*** Opening Information ***

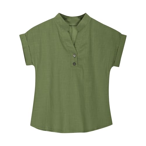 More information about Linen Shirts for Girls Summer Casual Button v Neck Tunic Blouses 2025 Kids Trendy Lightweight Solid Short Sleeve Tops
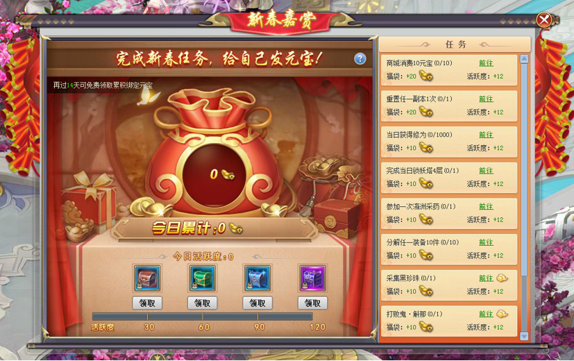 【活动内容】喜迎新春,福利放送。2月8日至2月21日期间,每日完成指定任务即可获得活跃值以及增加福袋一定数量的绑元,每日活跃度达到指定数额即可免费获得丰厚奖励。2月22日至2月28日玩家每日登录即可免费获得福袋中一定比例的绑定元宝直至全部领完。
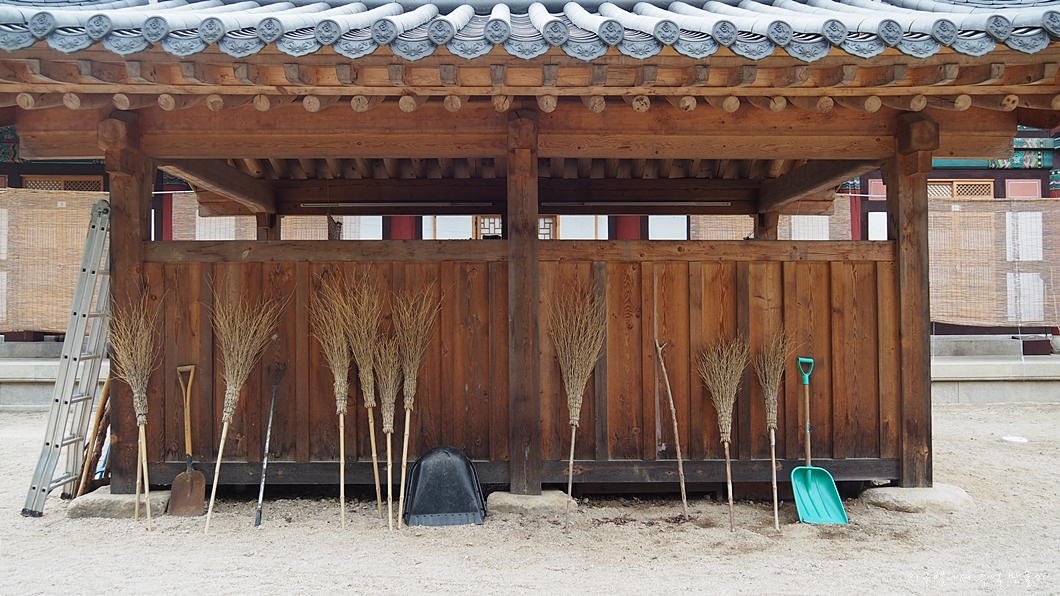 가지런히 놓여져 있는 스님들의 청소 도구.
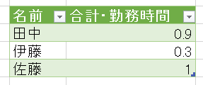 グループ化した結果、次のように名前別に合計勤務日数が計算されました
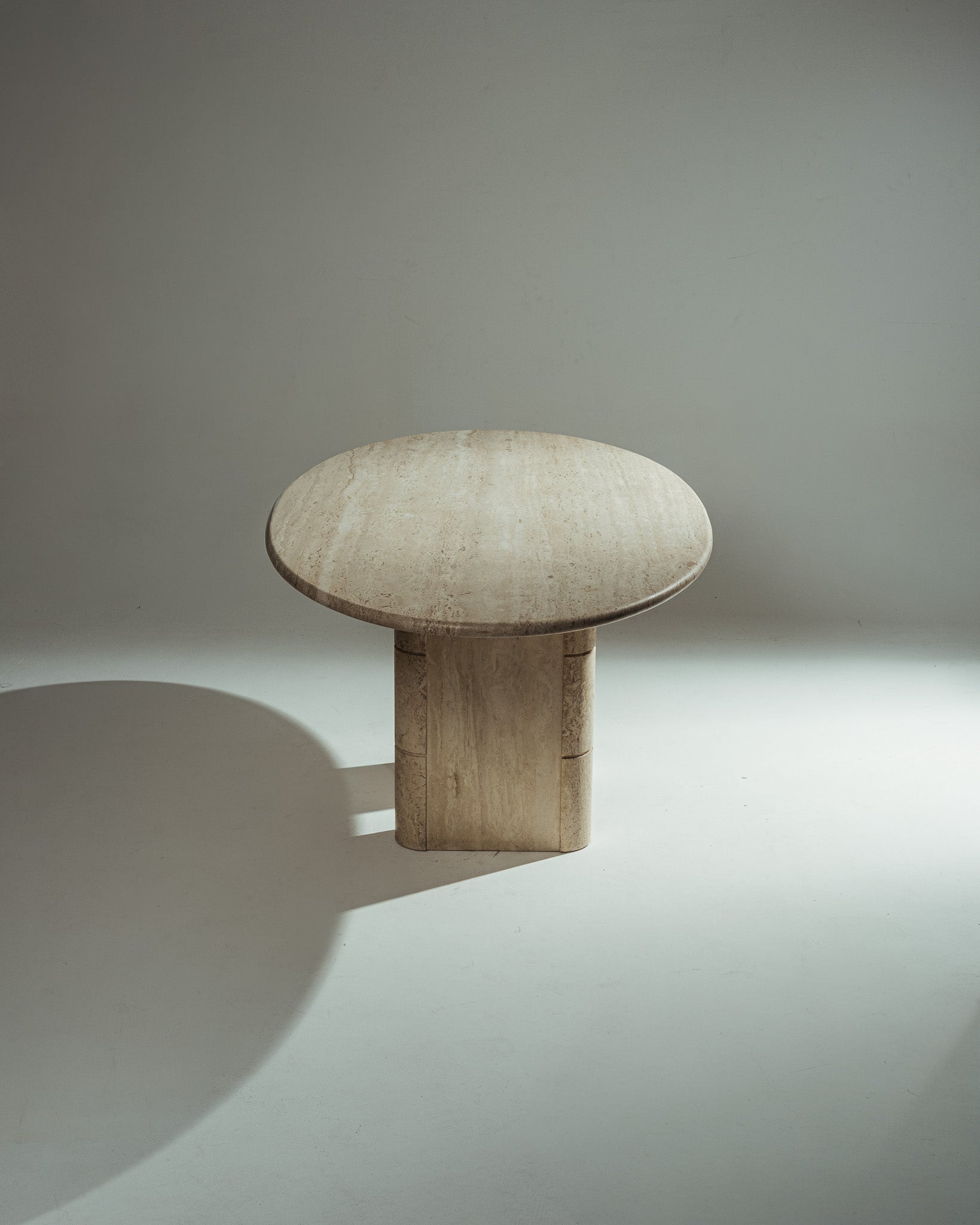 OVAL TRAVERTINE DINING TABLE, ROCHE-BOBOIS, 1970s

*** Closing Information ***

> [What is being asked] No pictures belong in the output. Restate word for word only the lines from the one containing "グループ化した結果、次のように名前別に合計勤務日数が計算されました" to the end of the entries above.

> [Expected answer]
 グループ化した結果、次のように名前別に合計勤務日数が計算されました
 OVAL TRAVERTINE DINING TABLE, ROCHE-BOBOIS, 1970s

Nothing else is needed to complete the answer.